RELIGIOUS & META-RELIGIOUS ART IN SOUTHEAST ASIA
curated by Tony Twigg
Until 15 November 2014
Each year since 1951the Blake Prize for religious art has been offered. Like the more famous Archibald Prize for portraiture it encourages artists to lend their skills to a higher calling. This year SLOT is responding to the Blake Prize with an exhibition of religious and meta-religious art.

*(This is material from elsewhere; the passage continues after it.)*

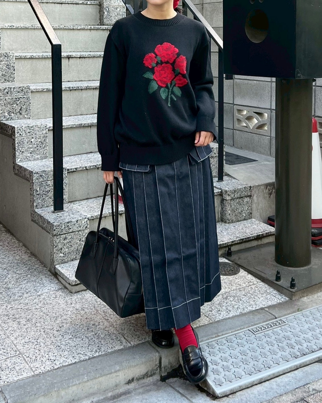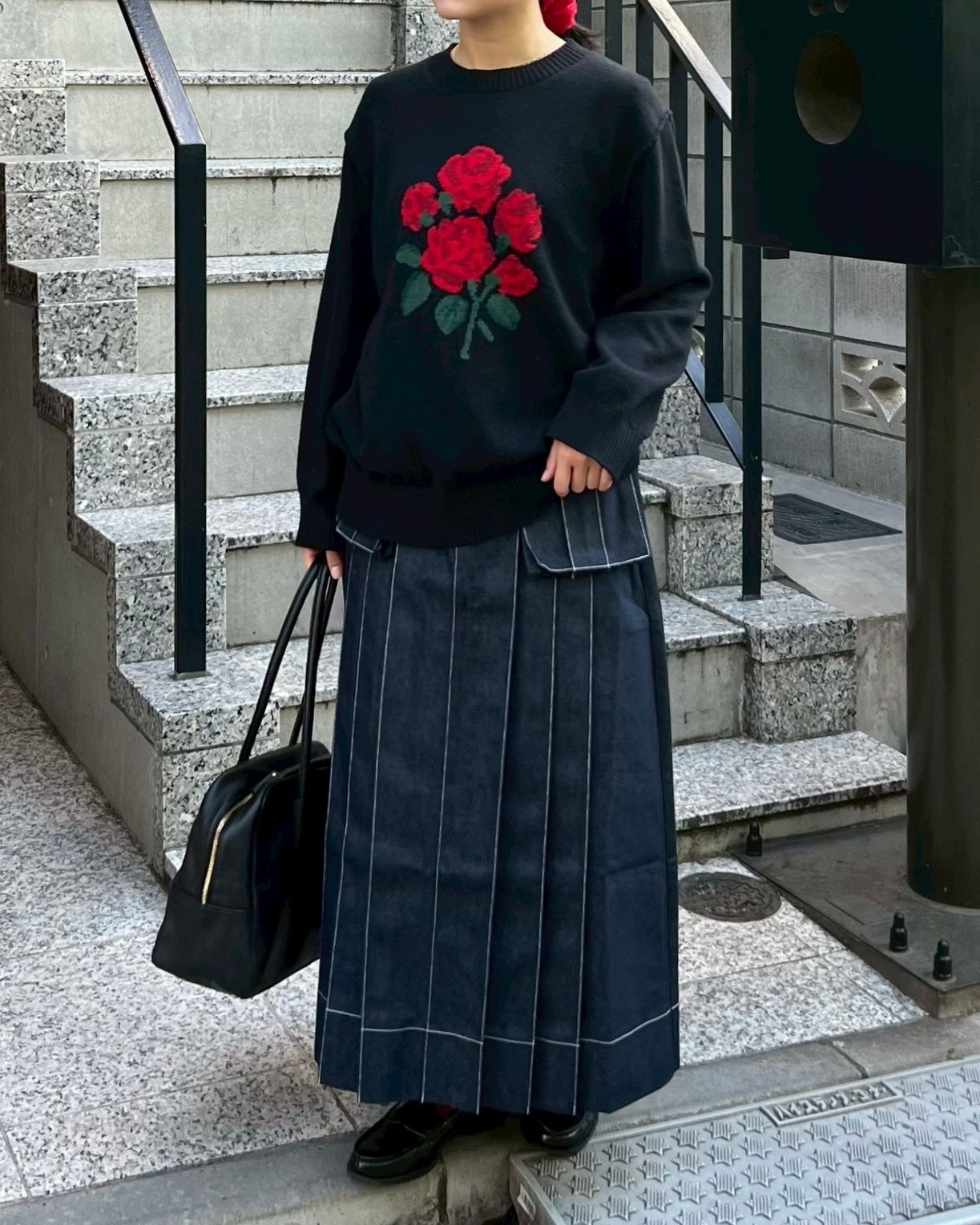 Red bouquet intarsia knit (black)

My own interest in religious art began in Manila while watching the annual Black Nazarene procession - when an ancient figure of Christ is paraded in the street through such frenzy that each year several people are crushed to death. After the figure of Christ passed I was surprised to see another making its way through the crown, then another, and another. Patiently it was explained to me that it is the image that is sacred not the object, and while there are many objects, there is only one image.
This idea inverts our usual understanding of art where worthiness is measured by an object's artistic merit or monetary value irrespective of its subject matter.
In our exhibition that contrasts religious and secular art, colonialism emerges as a common concern. That religious art was employed as an instrument of colonization in South East Asia is demonstrated by the banner of Thanh Teresa that was made for a Saigon (Ho Chi Min City) church in 1952, while the Viet Minh were fighting for Vietnam's independence from France. The banner opulently celebrates the French Saint Therese of the child of Jesus, a nun surrounded here by Vietnamese symbols of good luck and firmly amalgamated with the Fleur-de-lis, a symbol that has united the Holy Trinity and the French nation since the Middle Ages.
In the Philippines, where colonialism was more successful, veneration of religious images has morphed into a personal identification with religious figures. The Virgin Mary has become the Filipina mother and the Santo Nino, the child Christ, has become the Filipino child, both possessed by the Church physically and meta-physically in an endlessly repeating cycle.
In contrast to this arcane art predicated on a single absolute truth, SLOT offers meta-religious art - an unholy hegemony of Nationalism, leftist politics and abstraction - in essence Modernism.
And while it might be tempting to identify Modernism as a religion, it would entail ignoring a central ideal - the single word shouted by Indonesia's Joko Widodo at the conclusion of his inauguration speech, "MERDEKA" - or Freedom - it is an elusive thing in South East Asia, yet its presence and its absence ask the central question - what we are to become?